Since starting his Bootleg Series twenty-two years ago, Bob Dylan has proven that there is definitely lots of material left in the vaults which is worth hearing. There are demos, for example, of material from 1961 through 2006 which give indications of the songwriter's working process, and those have proven to be fascinating – as have the live performances which were not lost to the bulk tape erasers. The different facets of the Bootleg Series have all been very illuminating, but of course the perverse question becomes, “What about the music and moments in Bob Dylan's catalogue which weren't so great?
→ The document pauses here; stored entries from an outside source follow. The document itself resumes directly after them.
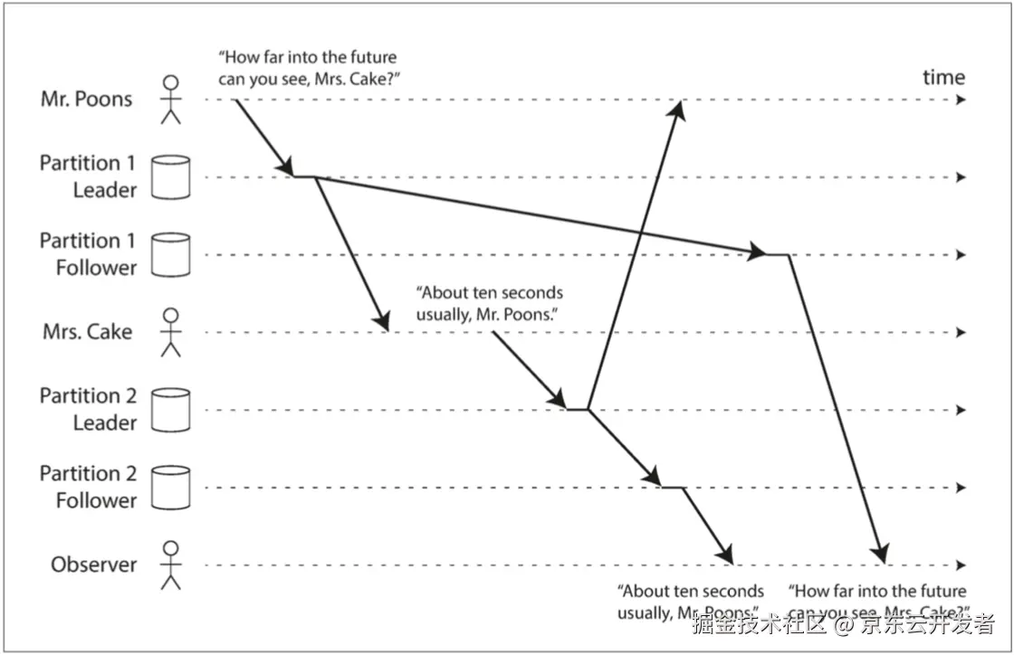 正常情况下,这段对话是有因果关系的(先问后答)。但是对于观察者,他看到的顺序却是先得到了答案,再看到了问题,这就是在分区数据库中,因复制延迟而产生的特殊情况。
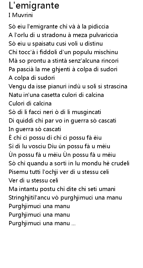 | Sò eiu l' emigrante chì và à la pidiccia | |
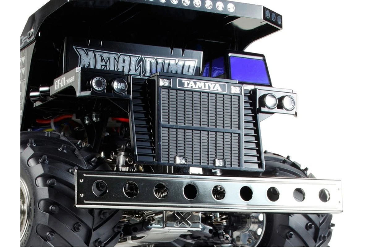 Dump trucks earn their living in some of the toughest workplaces around: large-scale construction sites, mines and quarries to name but a few. This R/C model assembly kit has a unique and exciting color scheme: rather than the yellow typical of such construction vehicles, it is black-based with numerous chrome-plated parts. The cab and rear bed are molded in black, and metallic stickers are provided to depict logos and markings including stud and chain motifs, to give the model some real attitude. Chassis monocoque, front bumper, rear support bar with roller and wheels are all chrome-plated. Spike tires round off the look.

What got left behind from there, and how does it sound?
What and how indeed.
The tenth installment of Bob Dylan's Bootleg Series promises to be the most challenging to date as it uncovers music from the first period in the singer's career when the music press really turned on him: the period when Dylan began really testing boundaries (in 1969 with Nashville Skyline), and when the singer started joking around (according to him anyway – but no one got the gag on Self Portrait) and when he finally started getting serious again (with New Morning in 1971). This two-disc, 35-track comp pulls pretty evenly from the unreleased material which surrounds all three of those albums and presents it all in a pretty rapid-fire way, so as not to let listeners split the tracks apart critically. It's a good plan and it works; the outtakes and alternate versions of the songs which came off Self Portrait play well to the ears which don't remember the upset that the album caused, and the huskier croon that Dylan adopted to sing them proves to not sound anywhere near as bad as some might “remember.” Particular standouts including “Alberta #3,” “In Search Of Little Sadie” (the stripped down version), “Copper Kettle” and “Belle Isle” all offer a delicate approach to the material, and the absence of most of the overdubs which would glut the finished album cuts leaves them feeling far more intimate here; this is definitely a far more welcome presentation than that which would draw the ire of fans in 1971.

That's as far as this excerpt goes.